- _TASK DESCRIPTION_: Exclude all pictures, then write out exactly the lines below from the first one through the line with "Découvrez immédiatement vos".

╭─ INFORMATION SUPPLIED

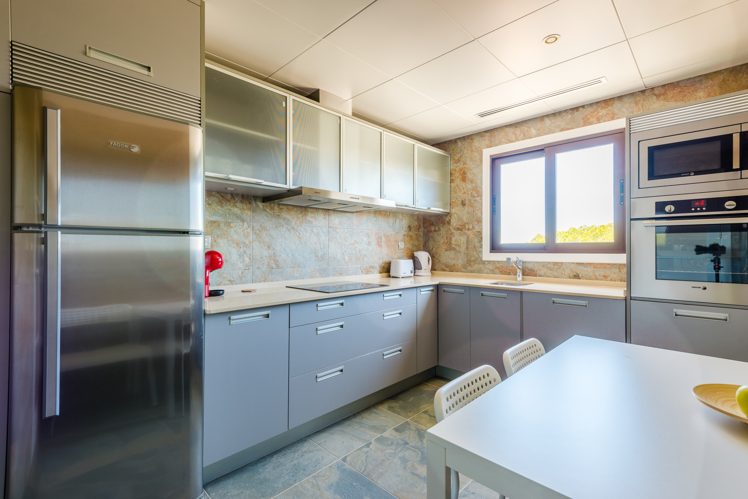 A cozinha contém frigorífico, microondas, forno, congelador, máquina de lavar roupa, máquina de lavar loiça, louça/talheres, utensílios/cozinha, cafeteira, torradeira e jarro eléctrico.
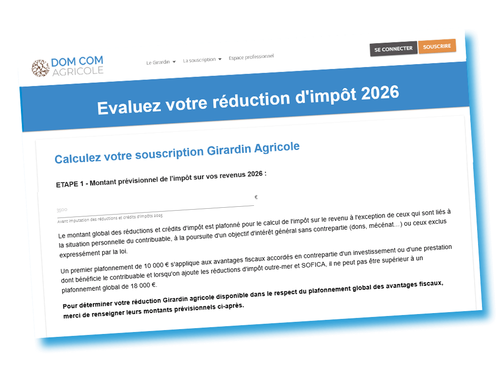 Découvrez immédiatement vos avantages fiscaux grâce à notre simulateur en ligne. Calculez votre souscription Girardin Agricole et estimez votre réduction d'impôt.
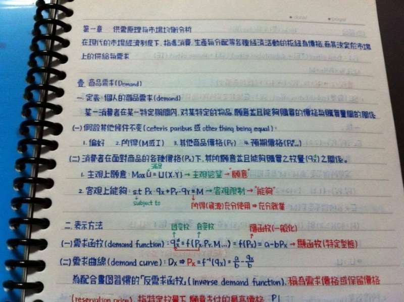 ▼從筆記的內容可以看到裡面有著各種不同的科目,原po也利用不同顏色的原子筆來做記錄,仿佛賦予了筆記本不一樣的生命!
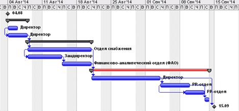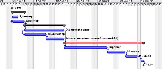 Project выделил красным цветом критический путь проекта, т.е. те задачи, которые определяют его длительность. Также можно сказать, что задачи, лежащие на критическом пути не имеют резервов по началу и окончанию, т.е. любое изменение в начале, окончании, длительности работ лежащих на критическом пути отобразится на сроках всего проекта.
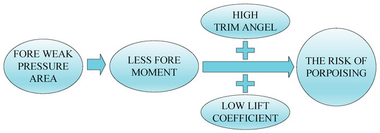 The weak pressure area at the fore of hull bottom in the MFS causes the fore moment to be lesser than the rear moment, coupled with the existence of high trim angle and the low lift coefficient, porpoising occurs. Releasing the side-hulls in the water increased the total lift of the hull bottom and the rear longitudinal moment; thus, the high trim angle could be decreased, and a strong pressure area at the fore inhibited porpoising instability.
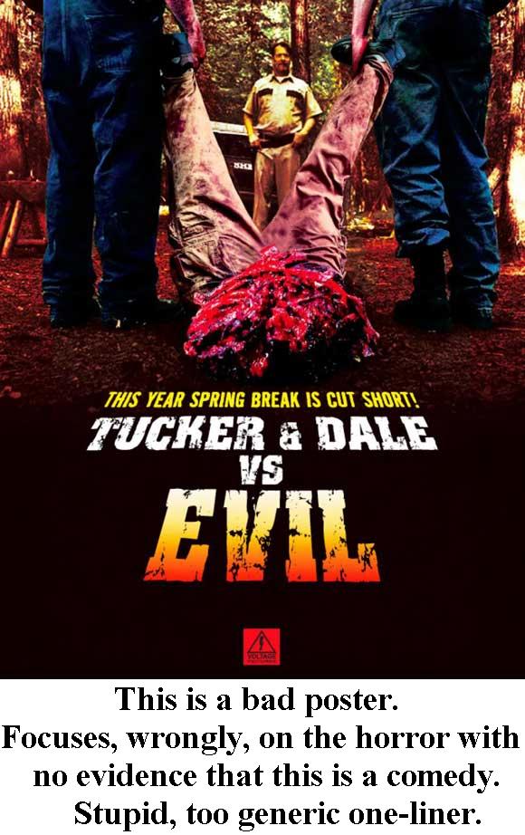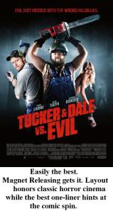 Tucker and Dale raised eyebrows, though, because of that strong Sundance open. Compare it to this summer’s Attack the Block, which had a similar rave-drawing premiere at SXSW in March. Two weeks later, Attack the Block had a distribution deal with Dimension, and four months after it debuted at SXSW, Attack the Block was in theaters. With Tucker and Dale, it seemed more a case of no one quite knowing how to sell it. It’s a gory slasher flick, but it’s also hilarious comedy. (Word to the marketers—you sell it with a straight face. This isn’t really that hard, but this movie had 5 posters in North America alone. And not like, fun character posters but five “we don’t know what our product is” posters. I’ve rated them all to the left.) There’s no “name” star and it’s a no-name first-time director, Eli Craig, whose major accomplishment is being the son of Sally Field. What are we selling? Who do we sell? (Hint: Horror comedy and the hillbillies, you morons.) So it languished until Magnet Releasing, who also brought us Hobo with a Shotgun and Rubber, got a hold of it. Even then, marketing has been pretty skint for this movie.
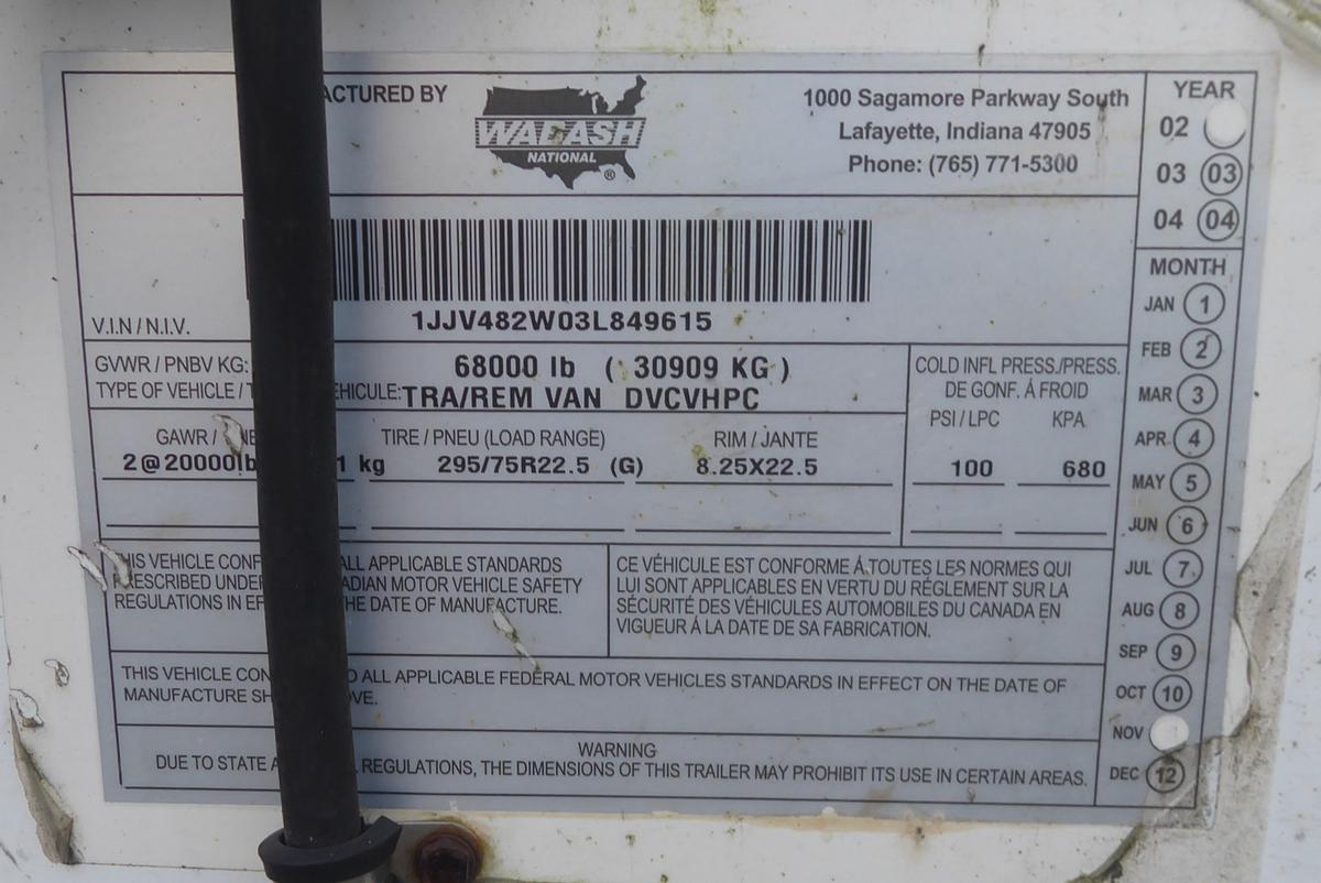 2003 Wabash DVCVHPC 48' Tandem Axle Dry Box Trailer
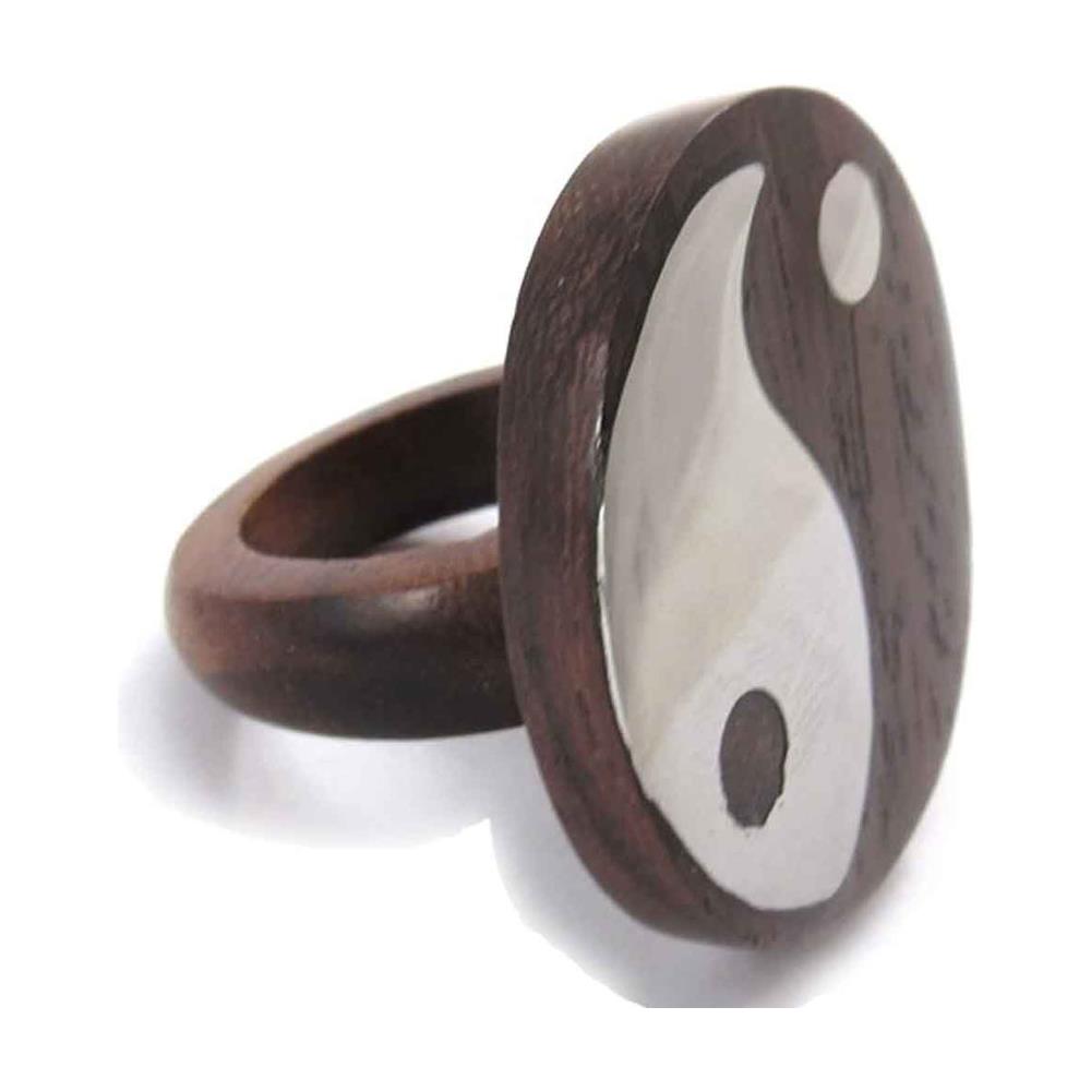 'french touch' anello 'Yin Yang' legno - [ J8029]
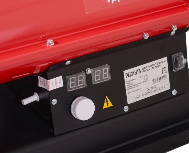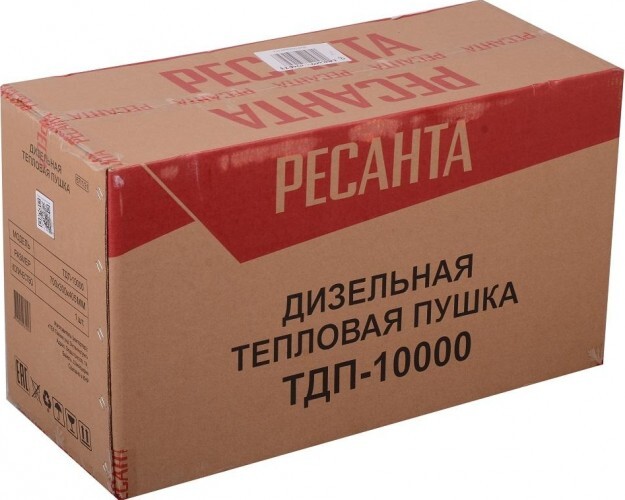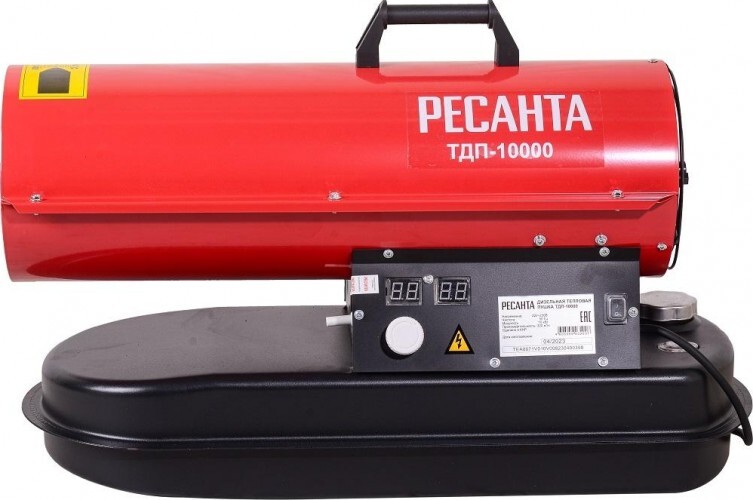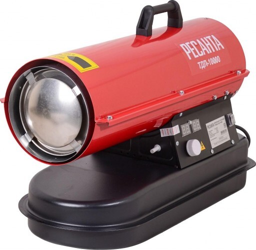 Ресанта ТДП-10000 относится к приборам с прямым типом нагрева. Промышленный вентилятор с производительностью 320 м³/час прогоняет воздух сквозь пламя горелки. Температура выходящего воздуха достигает 800 градусов. Продукты горения отводятся вместе с воздухом. Поэтому дизельные тепловые пушки рекомендовано использовать в нежилых помещениях с качественной вентиляцией. Безопасную эксплуатацию теплопушки обеспечивают три степени защиты. Термодатчик отключает прибор при перегреве. Фотодетектор срабатывает, если пламя горелки погасло. Защита от воспламенения не дает пушке снова включиться после аварийного завершения. Для работы вентилятора и автоматики требуется подключение к электросети 220 В.
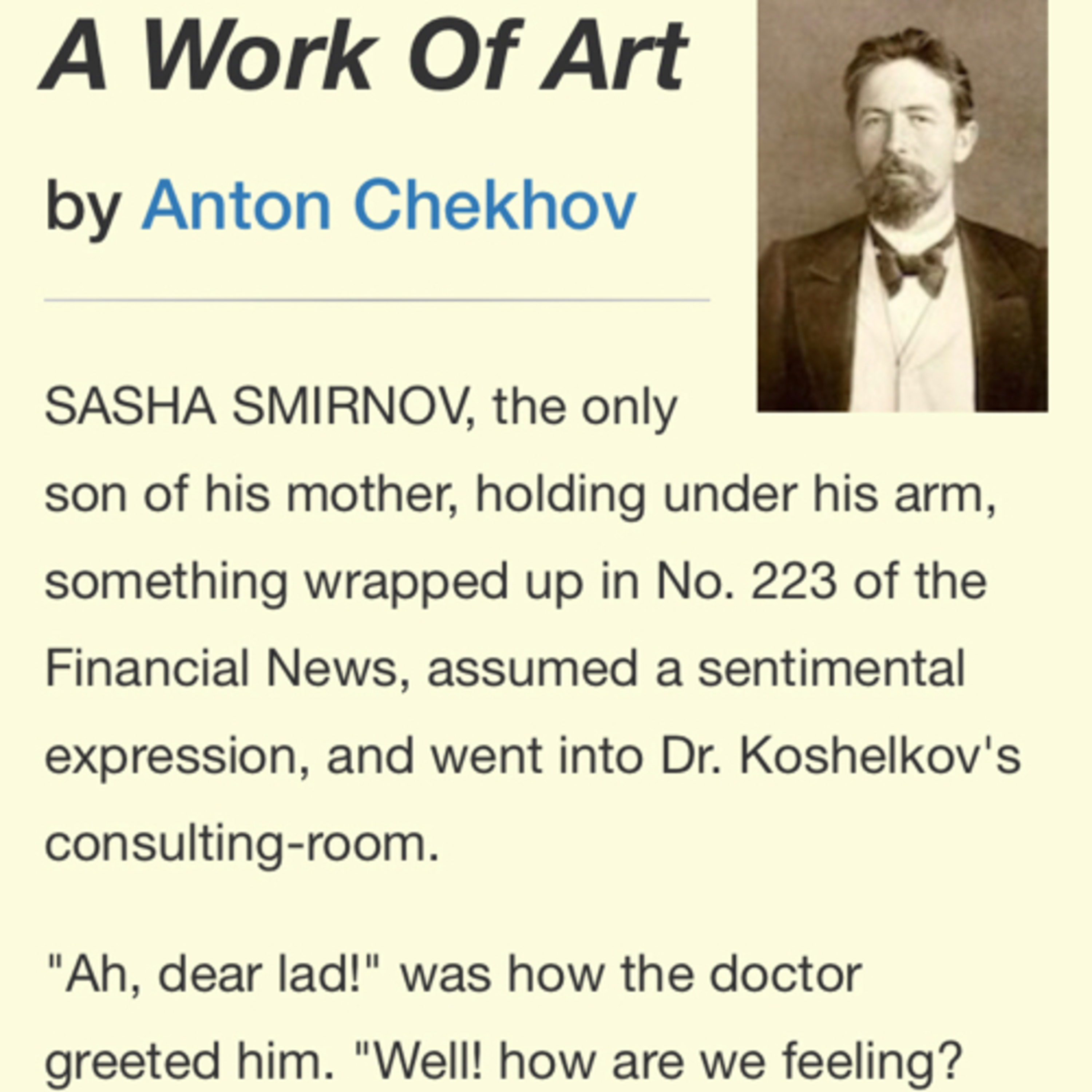 By Anton Tchekhov. https://americanliterature.com/author/anton-chekhov/short-story/a-work-of-art
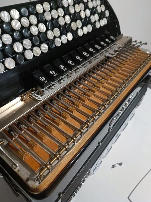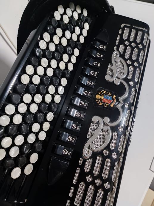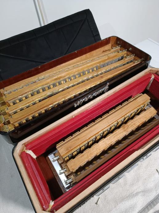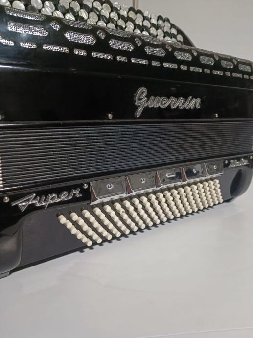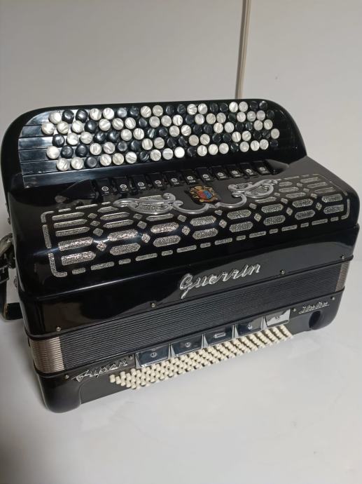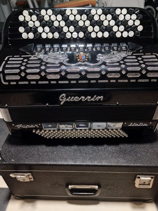 Na prodaju Guerrini originalni super italia četveroglasna,sedef tipke,dihtacija 99%,tonski točna,guerrinski duboko pitomi ton,C grif!Kofer ide uz harmoniku,remenje malo lošije!!!

╰─

- _YOUR SOLUTION_:
 A cozinha contém frigorífico, microondas, forno, congelador, máquina de lavar roupa, máquina de lavar loiça, louça/talheres, utensílios/cozinha, cafeteira, torradeira e jarro eléctrico.
 Découvrez immédiatement vos avantages fiscaux grâce à notre simulateur en ligne. Calculez votre souscription Girardin Agricole et estimez votre réduction d'impôt.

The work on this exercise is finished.